ACTION ITEM:
Output exactly the lines below, starting with the line that has "Gluten-free baklava is" and going on through the line that has "Le CLIC Riom", both included, and no other lines.

SUPPLIED RECORDS:
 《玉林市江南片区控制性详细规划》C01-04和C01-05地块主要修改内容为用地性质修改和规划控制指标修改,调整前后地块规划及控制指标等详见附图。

--

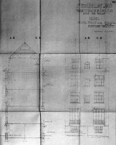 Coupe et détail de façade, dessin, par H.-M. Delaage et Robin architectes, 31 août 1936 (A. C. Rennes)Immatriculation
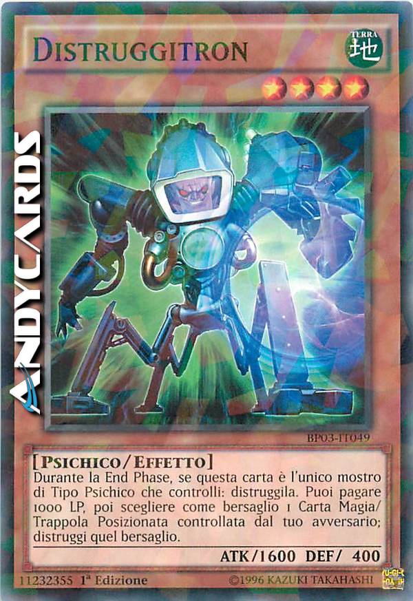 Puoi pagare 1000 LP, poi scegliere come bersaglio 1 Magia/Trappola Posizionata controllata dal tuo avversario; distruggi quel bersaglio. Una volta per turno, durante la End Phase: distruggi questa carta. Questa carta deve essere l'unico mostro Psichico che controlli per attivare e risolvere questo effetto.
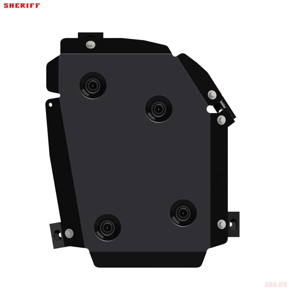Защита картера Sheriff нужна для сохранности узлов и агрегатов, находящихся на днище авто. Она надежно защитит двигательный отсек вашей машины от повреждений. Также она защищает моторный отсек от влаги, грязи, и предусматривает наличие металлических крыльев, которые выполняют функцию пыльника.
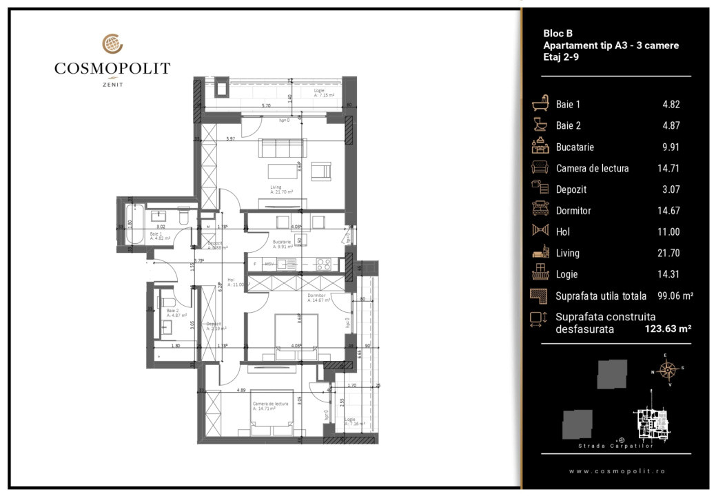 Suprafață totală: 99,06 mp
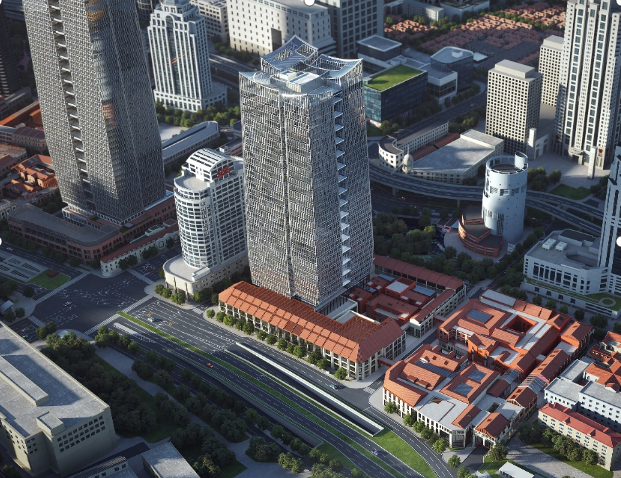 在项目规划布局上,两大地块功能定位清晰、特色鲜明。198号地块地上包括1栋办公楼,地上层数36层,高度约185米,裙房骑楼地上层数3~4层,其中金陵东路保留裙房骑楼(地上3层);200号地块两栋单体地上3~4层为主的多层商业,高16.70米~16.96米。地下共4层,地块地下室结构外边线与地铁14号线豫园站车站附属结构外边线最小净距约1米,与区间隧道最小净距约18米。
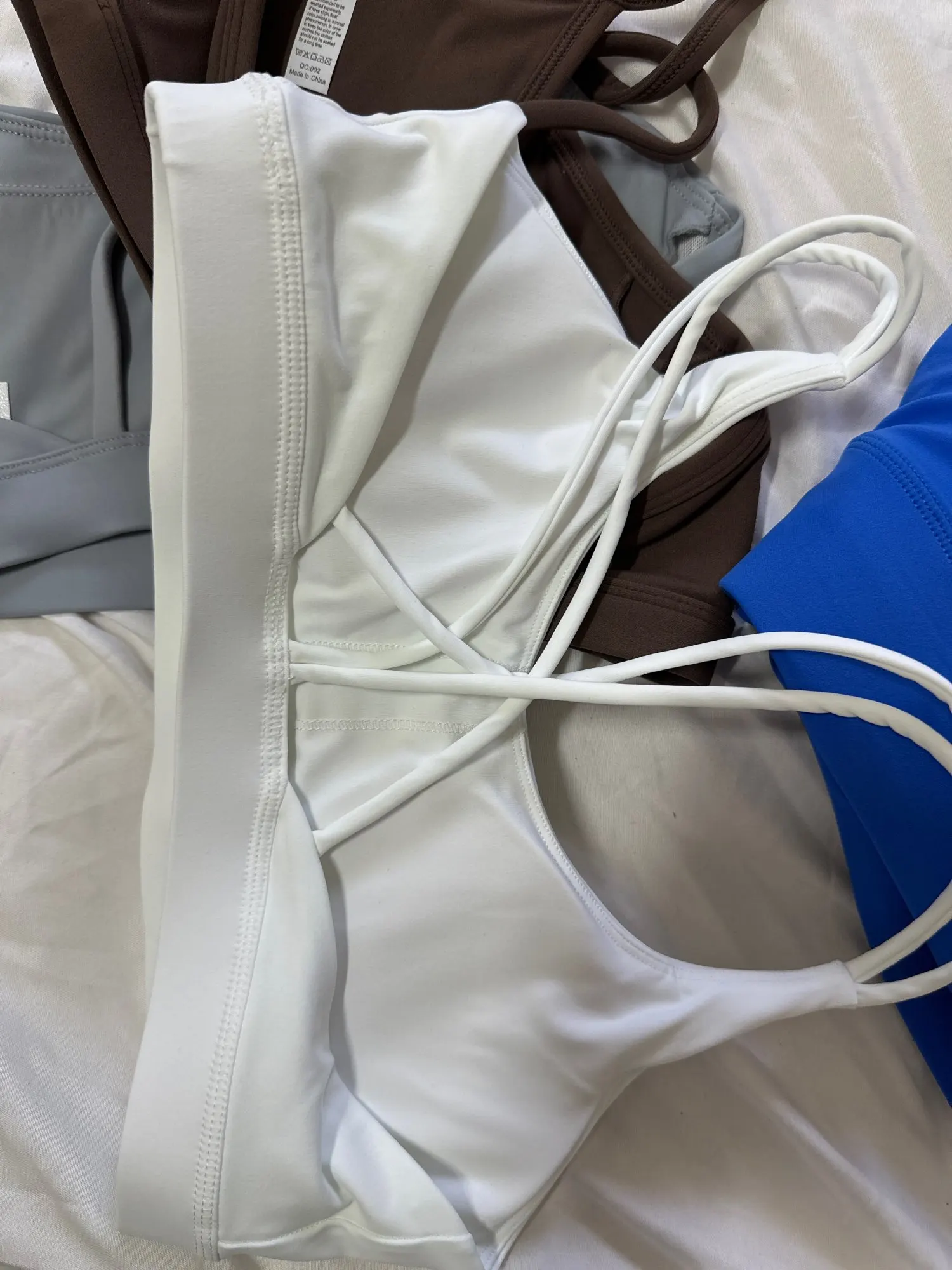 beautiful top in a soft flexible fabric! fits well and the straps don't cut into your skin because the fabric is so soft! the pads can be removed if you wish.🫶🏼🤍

* * *

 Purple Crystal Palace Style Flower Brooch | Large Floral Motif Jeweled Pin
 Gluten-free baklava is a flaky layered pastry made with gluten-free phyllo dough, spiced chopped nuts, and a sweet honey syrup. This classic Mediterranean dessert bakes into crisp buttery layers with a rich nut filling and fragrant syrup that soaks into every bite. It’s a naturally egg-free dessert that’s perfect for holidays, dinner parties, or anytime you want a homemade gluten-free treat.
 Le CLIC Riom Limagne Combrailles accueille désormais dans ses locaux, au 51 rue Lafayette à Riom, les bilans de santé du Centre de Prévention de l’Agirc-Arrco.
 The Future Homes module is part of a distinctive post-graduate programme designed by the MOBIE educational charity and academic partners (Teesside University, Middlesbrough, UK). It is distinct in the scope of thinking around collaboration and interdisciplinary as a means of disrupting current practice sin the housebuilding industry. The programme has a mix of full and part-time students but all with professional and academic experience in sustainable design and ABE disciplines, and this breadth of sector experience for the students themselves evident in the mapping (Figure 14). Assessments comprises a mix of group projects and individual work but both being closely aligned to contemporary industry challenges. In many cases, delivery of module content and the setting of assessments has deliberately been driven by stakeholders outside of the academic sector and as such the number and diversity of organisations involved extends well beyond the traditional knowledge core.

EXERCISE SOLUTION:
 Gluten-free baklava is a flaky layered pastry made with gluten-free phyllo dough, spiced chopped nuts, and a sweet honey syrup. This classic Mediterranean dessert bakes into crisp buttery layers with a rich nut filling and fragrant syrup that soaks into every bite. It’s a naturally egg-free dessert that’s perfect for holidays, dinner parties, or anytime you want a homemade gluten-free treat.
 Le CLIC Riom Limagne Combrailles accueille désormais dans ses locaux, au 51 rue Lafayette à Riom, les bilans de santé du Centre de Prévention de l’Agirc-Arrco.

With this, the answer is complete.